Generative AIBuilding with foundation modelsOpenAI platformOpenAI Assistants API

Introduction to the Assistants API

13 minutes read

The Assistants API by OpenAI is an interface designed for building, customizing, and deploying AI-powered assistants within applications tailored to specific tasks and user needs. These AI assistants leverage advanced language models to interact naturally with users, provide information, automate workflows, and integrate with other applications.

This API is part of OpenAI’s broader platform, enabling seamless interaction with AI models while offering tools to manage assistant configurations, conversations, and user experiences.

Core Design

The Assistants API is OpenAI's solution for building AI assistants within your own applications. This API allows developers to create assistants with OpenAI's models, tools, and file capabilities to respond intelligently to user queries.

Some of the tools currently include the Code Interpreter, File Search, and Function Calling, with the possibility to extend functionality through custom integrations. This allows us to modularize the functionality through tool registration and execution.

Unlike the Chat Completions API, which is stateless and requires you to manage conversation history yourself, the Assistants API maintains state through Threads, making it easier to build conversational experiences. This stateful nature simplifies many aspects of AI application development, particularly for applications requiring persistent context.

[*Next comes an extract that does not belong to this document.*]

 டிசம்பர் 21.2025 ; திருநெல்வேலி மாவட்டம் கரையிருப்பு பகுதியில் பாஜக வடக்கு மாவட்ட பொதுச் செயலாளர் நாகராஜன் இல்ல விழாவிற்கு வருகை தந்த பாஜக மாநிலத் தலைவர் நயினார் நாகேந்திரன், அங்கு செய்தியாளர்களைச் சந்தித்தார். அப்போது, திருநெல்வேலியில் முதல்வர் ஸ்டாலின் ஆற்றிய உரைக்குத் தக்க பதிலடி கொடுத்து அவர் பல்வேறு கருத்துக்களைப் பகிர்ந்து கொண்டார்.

NOTE: The Assistants API is currently in beta, with OpenAI planning a deprecation in the first half of 2026 as they transition functionality to the Responses API.

Key Components of the Assistants API

The Assistants API consists of three primary components:

  1. Assistants: Encapsulate a base model, instructions, tools, and context documents

  2. Threads: Represent the state of a conversation

  3. Runs: Power the execution of an Assistant on a Thread, including text responses and tool use

For users with a custom hosting URL, you'll need to configure the client with your API key and base URL:

from openai import OpenAI

# Initialize the client with your API key and custom base URL
client = OpenAI(
    api_key="your_api_key_here",
    base_url="<https://your-custom-endpoint.com/v1>"
)

# Alternatively, you can set environment variables
# export OPENAI_API_KEY=your_api_key_here
# export OPENAI_BASE_URL=https://your-custom-endpoint.com/v1

Basic Usage: Creating Your First Assistant

Let's create a simple assistant that can answer general questions. While going through the code, you can execute the parts of it separately for a better understanding, as shown below.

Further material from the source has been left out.